| Work to be completed |
Exclude every picture. Output verbatim the lines from the one containing "W&H Human Hair" to the end of the data.
::: Information provided :::
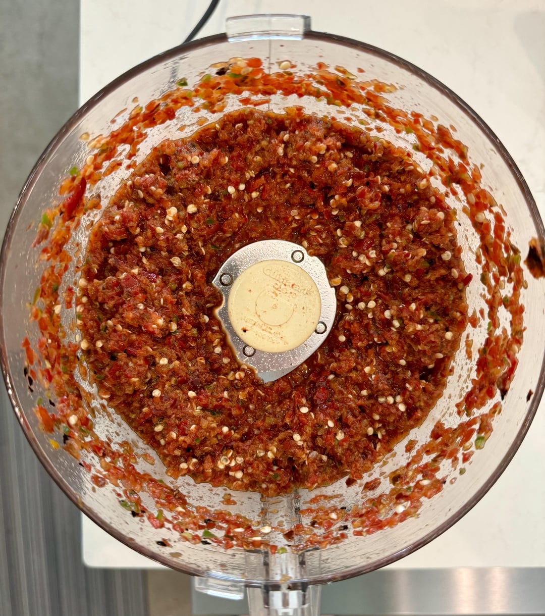 Note: black bits are from a previous mash I was making with charred peppers. Left a few bits in the food processor to add some smokiness.
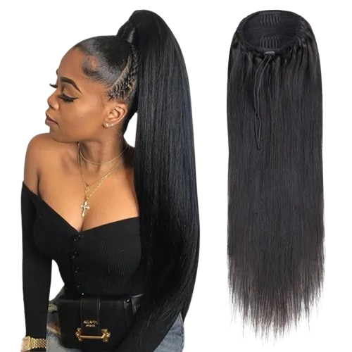 W&H Human Hair Straight Style Ponytail Natural Black (with drawstring)
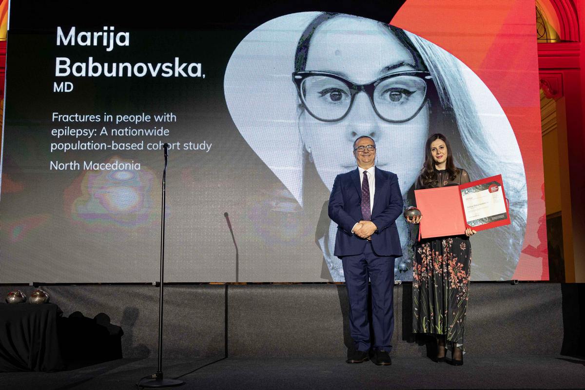Меѓу, деветте победници оваа година е и Марија Бабуновска, невролог од Универзитетската клиника за неврологија, со нејзиниот научен труд „Фрактури кај лица со епилепсија: Кохортна студија базирана на национално ниво“ објавена во научното списание „Epilepsia Open“.
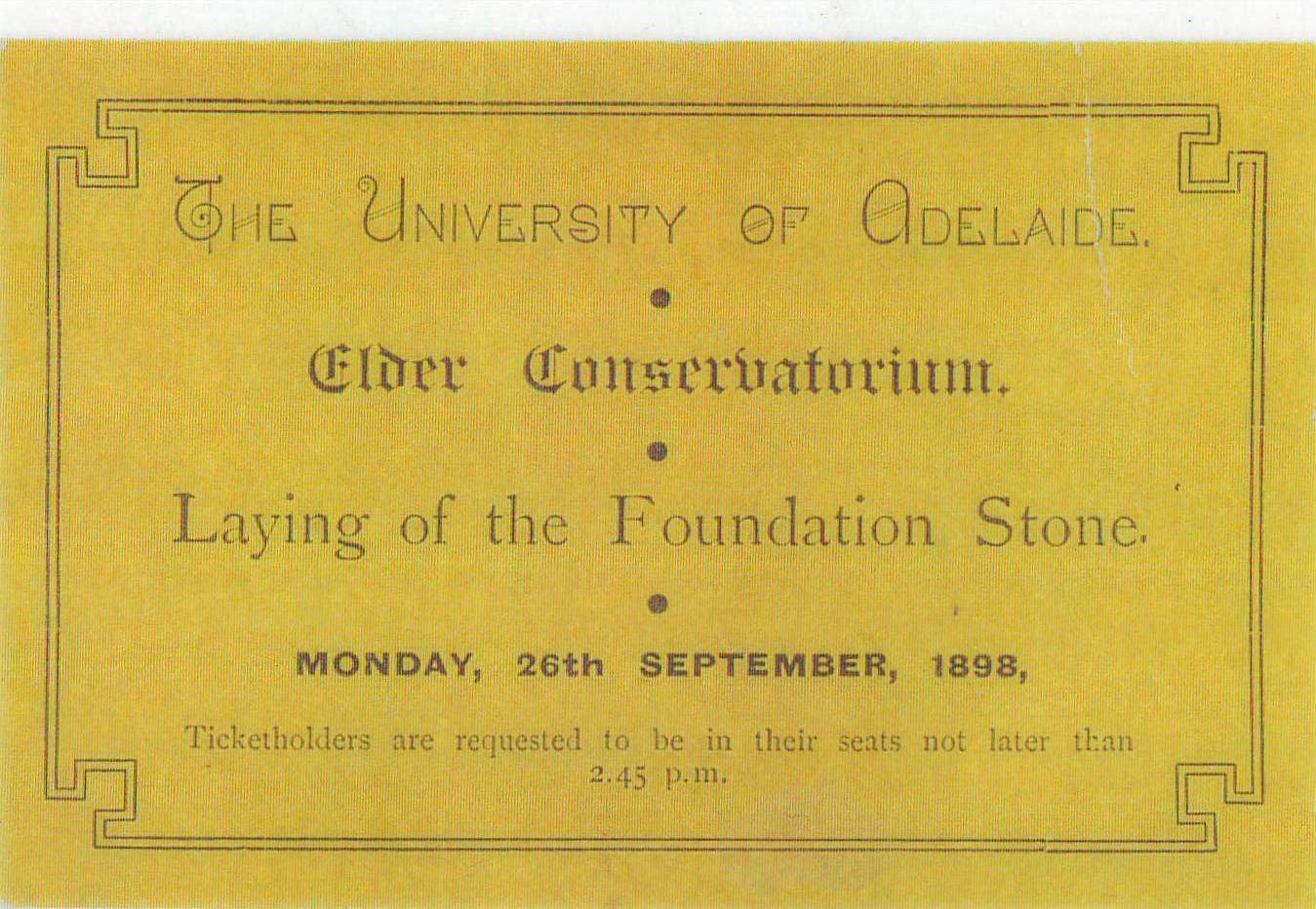 Ticket to laying of Foundation Stone of Elder Conservatorium
:::
| Task response |
 W&H Human Hair Straight Style Ponytail Natural Black (with drawstring)
Меѓу, деветте победници оваа година е и Марија Бабуновска, невролог од Универзитетската клиника за неврологија, со нејзиниот научен труд „Фрактури кај лица со епилепсија: Кохортна студија базирана на национално ниво“ објавена во научното списание „Epilepsia Open“.
 Ticket to laying of Foundation Stone of Elder Conservatorium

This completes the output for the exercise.